The clamor for data on use of force by police is getting louder, and on Tuesday two U.S. senators added their voices. It's a welcome change from less than a year ago when no one seemed particularly bothered that there was no public accounting of how often people were hurt or killed in confrontations by police.
That's right, none.
The FBI collects detailed numbers on crimes from every law enforcement agency in the nation but very little information about people who are hurt or killed by police. That discrepancy came to light last year after the killing of two unarmed African American men by police -- Michael Brown in Ferguson, Mo., and Eric Garner in Staten Island, New York.
By the end of the year, Congress had reauthorized a stronger version of the Death in Custody Reporting Act, a toothless, short-lived bill from 2000 that expired in 2006. Its author, Rep. Robert C. Scott (D-Va.) couldn't get any traction to renew it in the Republican-controlled House until the national outrage forced the issue.

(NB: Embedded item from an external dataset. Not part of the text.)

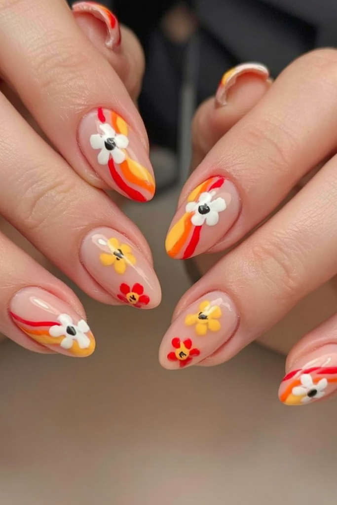 The ’70s flavor comes through with psychedelic shapes and whimsical floral patterns for a retro vintage aesthetic. Each finger looks exceptional with almond-shaped nails that flatter all finger lengths as the designs transition smoothly between oranges, yellows and reds. The flowers in this set combine assertiveness with sweetness, making it perfect for music festivals and summer travel. The retro feel of this design is evident in its movement and mood, but remains modern with a contemporary touch.

This week, U.S. Sens. Barbara Boxer (D-Calif.) and Cory Booker (D-N.J.) have introduced a bill that would extend the requirements of the Death in Custody Reporting Act to all incidents in which people are injured by police. The Police Reporting of Information, Data and Evidence, or PRIDE, Act (law enforcement folks do love their acronyms) would also seek data on use of force against officers and has grant money for tip lines.

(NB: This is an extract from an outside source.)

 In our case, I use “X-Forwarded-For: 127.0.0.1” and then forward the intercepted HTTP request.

It's interesting to note that in California, the Assembly Appropriations Committee last week killed a bill that would have required that use-of-force cases be reported to the state attorney general's office. It was sidelined because corrections officials estimate that it would cost $3.3 million to fill out the forms listing all the uses of force in prisons. Why that is perhaps ought to be the subject of another bill.
If the Boxer-Booker bill passes, and it should, then it will be a moot point in any case.